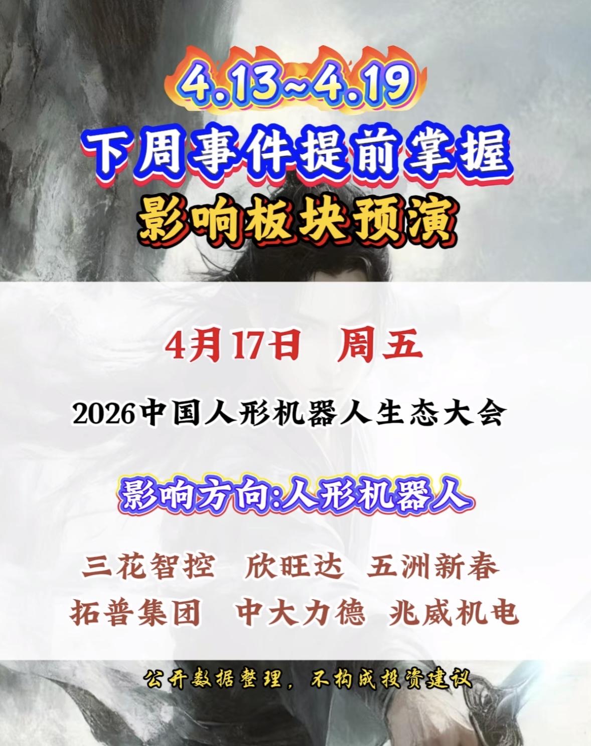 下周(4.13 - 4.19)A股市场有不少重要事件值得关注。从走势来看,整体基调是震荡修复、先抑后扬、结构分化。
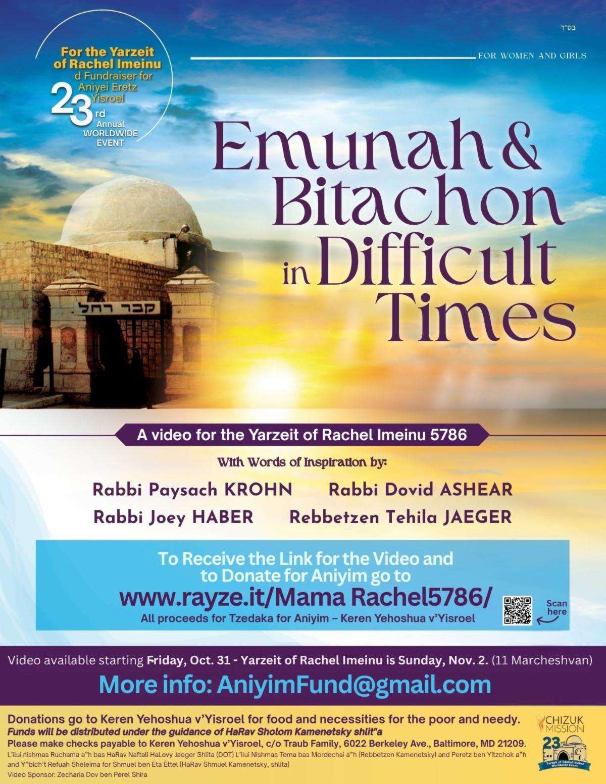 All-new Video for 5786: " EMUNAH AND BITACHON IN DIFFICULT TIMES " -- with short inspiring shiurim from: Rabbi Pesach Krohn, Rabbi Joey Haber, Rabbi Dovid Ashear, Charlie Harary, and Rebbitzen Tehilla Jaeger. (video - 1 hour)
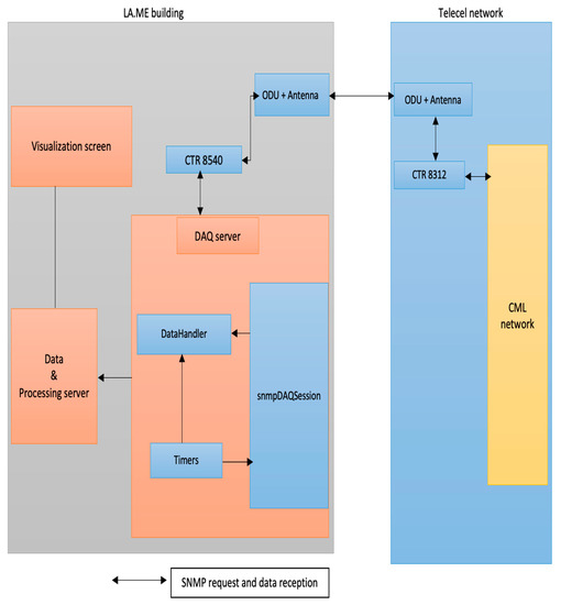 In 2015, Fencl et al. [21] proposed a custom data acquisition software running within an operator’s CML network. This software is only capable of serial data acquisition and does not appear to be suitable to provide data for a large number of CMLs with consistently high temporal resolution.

──────

WHAT IS EXPECTED: Type the listing above out again exactly, and omit all pictures.

RESPONSE BOX:
 下周(4.13 - 4.19)A股市场有不少重要事件值得关注。从走势来看,整体基调是震荡修复、先抑后扬、结构分化。
 All-new Video for 5786: " EMUNAH AND BITACHON IN DIFFICULT TIMES " -- with short inspiring shiurim from: Rabbi Pesach Krohn, Rabbi Joey Haber, Rabbi Dovid Ashear, Charlie Harary, and Rebbitzen Tehilla Jaeger. (video - 1 hour)
 In 2015, Fencl et al. [21] proposed a custom data acquisition software running within an operator’s CML network. This software is only capable of serial data acquisition and does not appear to be suitable to provide data for a large number of CMLs with consistently high temporal resolution.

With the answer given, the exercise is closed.